HortNZ welcomes Horizons’ support for Levin vegetable growing
13 April 2021
Horticulture New Zealand is welcoming Horizons Regional Council’s decision to adopt recommendations on Plan Change 2 that affect vegetable growing.
‘The new requirements are tough but growers are up for the challenge,’ says HortNZ Chief Executive, Mike Chapman.
‘This plan provides a way forward in the short term. However, to provide for long-term food security, a further plan is required to map out how resource management decisions can provide for both environmental improvements and long-term food supply.’
Levin supplies around 20 percent of New Zealand’s fresh vegetables.
‘In its decision, Horizons is providing existing vegetable growers with a way to stay in production and feed New Zealanders, while continuing to reduce environmental impact,’ says Mike.
‘The new requirements will require further change, however, growers in the area have already made a good start. Levin vegetable growers – like vegetable and fruit growers throughout New Zealand – really respect their land and the natural environment.
‘Over the past decade, many have invested significant amounts of money and time in reducing their environmental impact, through modern cultivation techniques, less use of fertiliser and water, and sediment traps.
‘The soils around Levin, mild climate and good rainfall make the Horowhenua region – like Pukekohe – ideal for growing fresh vegetables for New Zealanders’ tables.’

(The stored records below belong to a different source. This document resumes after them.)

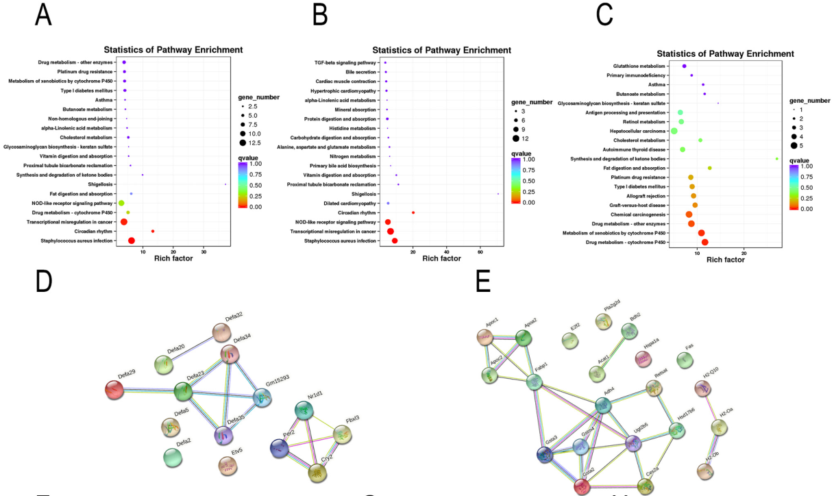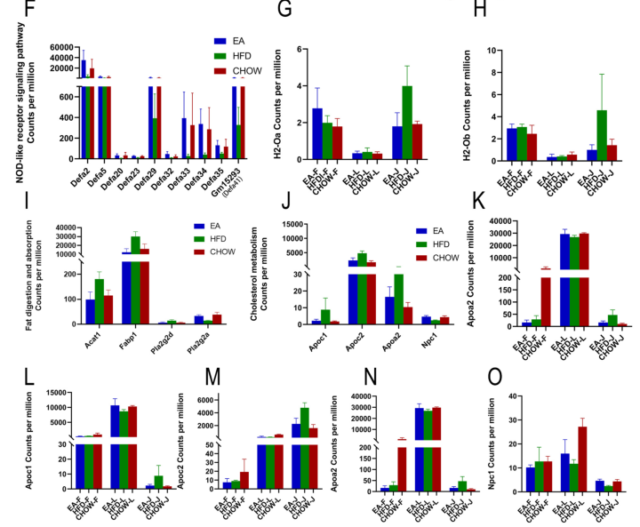 對共有DEG進(jìn)行功能富集分析,發(fā)現(xiàn)顯著富集的通路主要與宿主先天防御和脂質(zhì)代謝相關(guān)(圖3A);在去除功能未鑒定的基因或lncRNA后,獲得140個(gè)上調(diào)和92個(gè)下調(diào)的DEG也進(jìn)行功能富集分析(圖3B, 3C);然后,對top20通路的DEG進(jìn)行PPI調(diào)控網(wǎng)絡(luò)分析(圖3 D, 3E),結(jié)果顯示,EA主要上調(diào)的通路包括α防御素基因在內(nèi)的NOD樣受體信號通路(圖3 D),下調(diào)的通路脂質(zhì)代謝(包括脂質(zhì)消化和吸收途徑),以及免疫應(yīng)答相關(guān)通路(谷胱甘肽s-轉(zhuǎn)移酶和MHC II類相關(guān)基因)(圖3E)?;虮磉_(dá)直方圖顯示EA干預(yù)恢復(fù)大量異常表達(dá)的DEG,與腸粘膜免疫相關(guān)的DEG,如α防御素基因,可以通過EA顯著恢復(fù)(圖3F);與免疫反應(yīng)相關(guān)的H2-Ob和H2-OA僅在空腸區(qū)域下調(diào)(圖3G, 3H);EA干預(yù)恢復(fù)了fabp1、pla2g2d和acat1的表達(dá)水平,主要負(fù)責(zé)脂肪消化和吸收(圖3I);最后,EA干預(yù)通過下調(diào)apoc1、apoa2和apoc2以及上調(diào)npc1來調(diào)節(jié)膽固醇代謝(圖3J-O)。
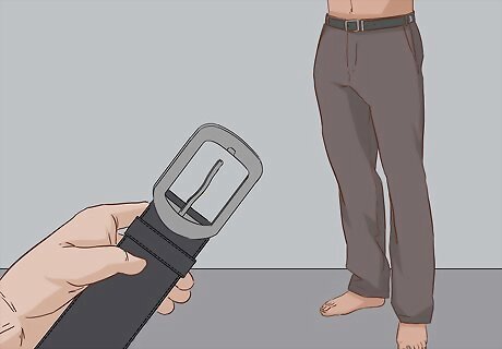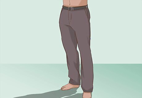 Start with pants. A pair of slacks is great, especially if they match your suit jacket. Chinos are also acceptable, but a two-piece suit is preferable, so try to have your slacks match your jacket. A dark color, like a blue, grey, or black, is probably your best bet as it looks flattering on everyone and makes you seem more professional. No jeans. Jeans, however tailored or designed, are not suitable for a job interview. Do not wear them, because the company that is interested in hiring you will not take you seriously and think that you aren't interested. No prints. Stick with solids. The one exception may be pinstriped pants. Tailored pants. You want them to be form-fitting without being revealing. Baggy pants give a rumpled and unprofessional appearance.
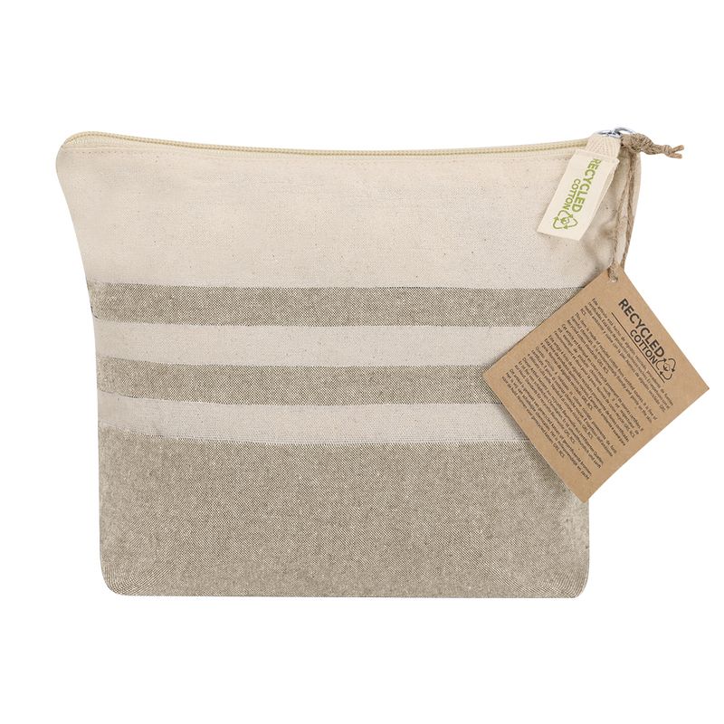 El neceser fabricado principalmente en algodón reciclado 180 g/ m2 en elegante tono natural con diseño a rayas horizontales Daronel es un accesorio de organización que destaca por su composición sostenible y su estética de inspiración mediterránea. Este modelo ofrece una solución de almacenamiento ecológica, utilizando fibras recuperadas y poliéster rpet para fomentar la reutilización de recursos textiles y reducir la huella ambiental. Su diseño cálido y orgánico lo convierte en el soporte publicitario ideal para marcas de cosmética natural, spas, hoteles boutique o campañas de sostenibilidad que busquen un detalle práctico con un firme compromiso por el respeto al entorno.
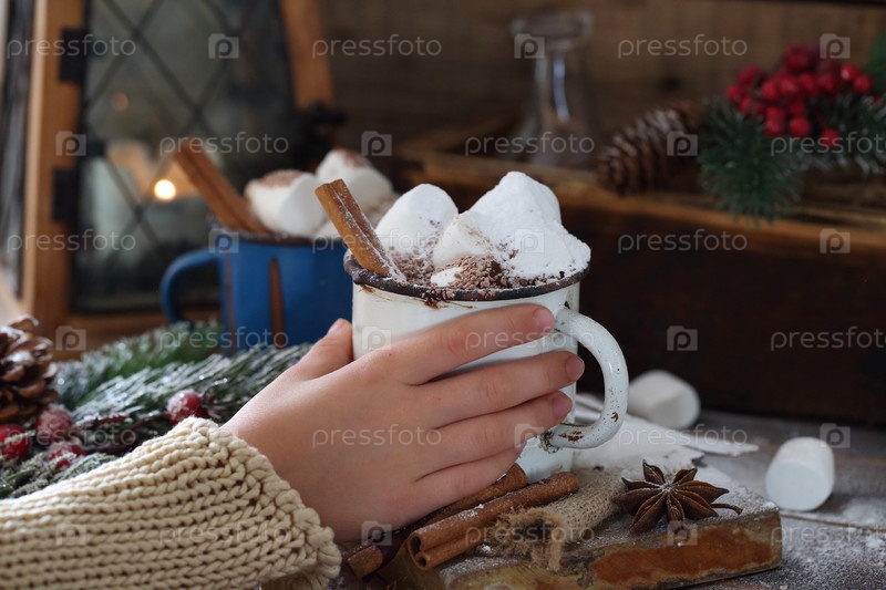 Детские руки держат кружку зефира и горячего шоколада
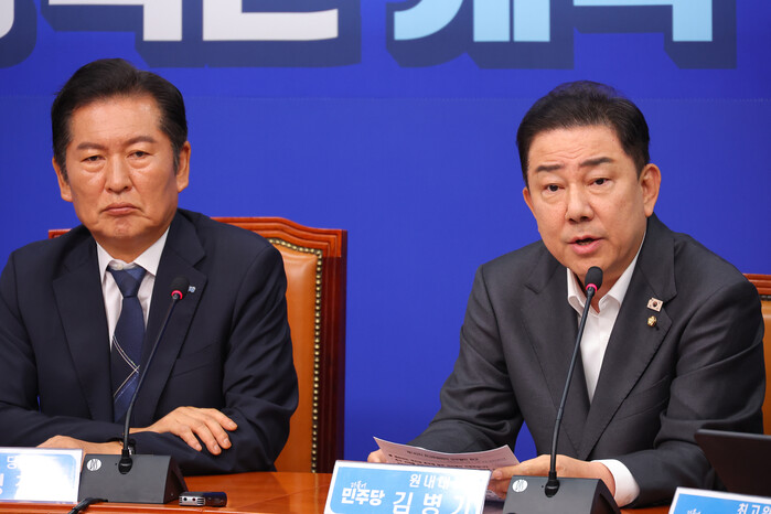 | ▲ 더불어민주당 김병기 원내대표가 6일 서울 여의도 국회에서 열린 최고위원회의에서 발언하고 있다. 왼쪽은 정청래 대표. 2025.8.6 (사진=연합뉴스) |
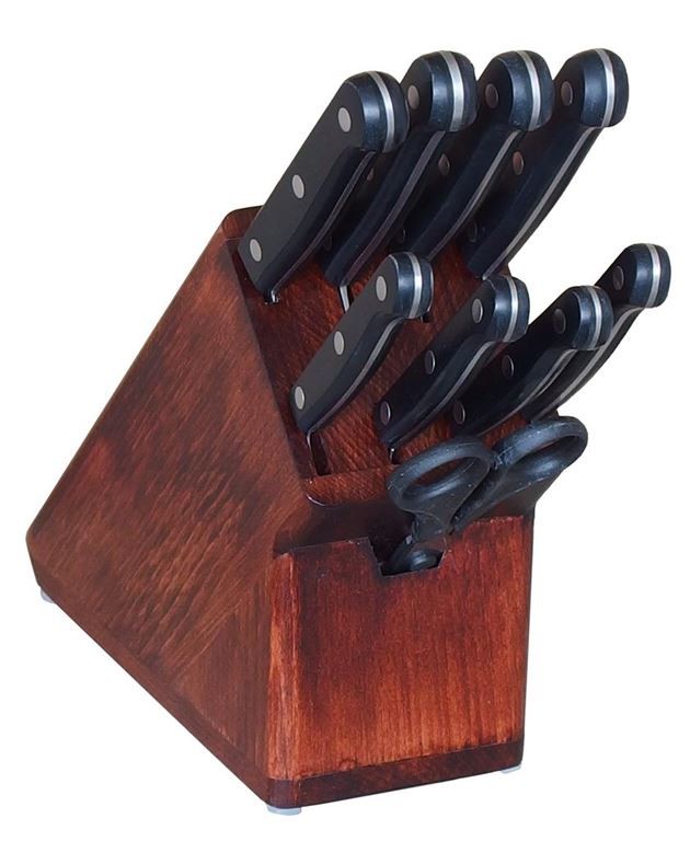 Blok na nože z bukového dřeva, obsahující 8 kuchyňských nožů Trend a nůžky pro domácnost.
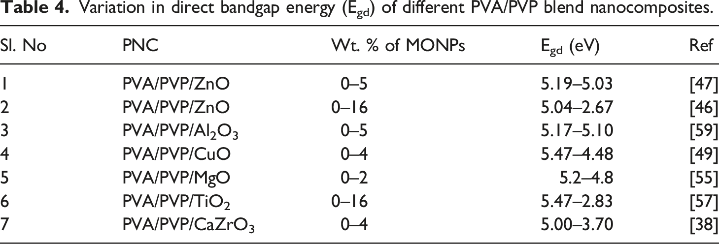 TiO2, a semiconductor with a wide bandgap of 3.2 eV is used as a nanofiller by Rajesh et al. 52 and Madhloom et al. 53 UV -Visible spectral investigations have shown that, with the rise in doping concentration, absorption bands observed around 200–300 nm for pure PVA/PVP shifts toward higher wavelengths with varying intensity. Madhloom et al 53 reported an absorption band at 360 nm for TiO2 in the UV spectrum of PVA/PVP/TiO2 PNCs. The intensity of these absorption bands increased as the particle size of TiO2 NPs increased from 15.7 to 45.7 nm, which can be attributed to the ability of TiO2 nanoparticles to absorb more incident light. Moreover, the Egd of nanocomposites is observed at 2.80 eV and 2.30 eV for particle sizes of 15.7 and 45.7 nm, respectively.
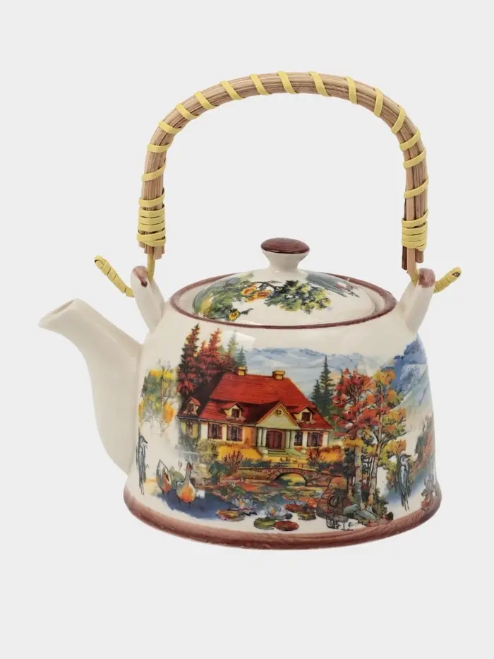 Пейзаж на этом чайнике не пытается перекричать интерьер — он дополняет его. Взгляд цепляется за детали: избушку, дерево, тропинку… и на мгновение городская суета отступает. Керамика мягко удерживает тепло, а чай заваривается ровно так, как задумал производитель. Этот чайник подойдёт тем, кто ищет в обыденных вещах отголоски детства, природы или ”тихого центра“ в круговерти дня.

Mike says HortNZ is encouraged by the recognition of the importance of domestic food supply in Horizons’ decision.
‘Climate change, freshwater and the environment are really hot topics at the moment. However, what policy makers tend to forget is that people need to eat too, which is something that the Paris Accord did not forget.
‘The accord clearly states that producing food while adapting to climate change is vital. In other words, “no food, no people”. As a country, New Zealand needs to grow fresh vegetables to feed itself. The alternative would be to rely on imports, which would just be plain silly, particularly in today’s Covid world where supply chains are severely disrupted.
‘Enabling growers to do what they do best – grow food while using science and new techniques to reduce environmental impact, which is win-win. A win for the environment and a win for New Zealand, in terms of fresh, locally-grown vegetables and support for a vital horticultural industry.’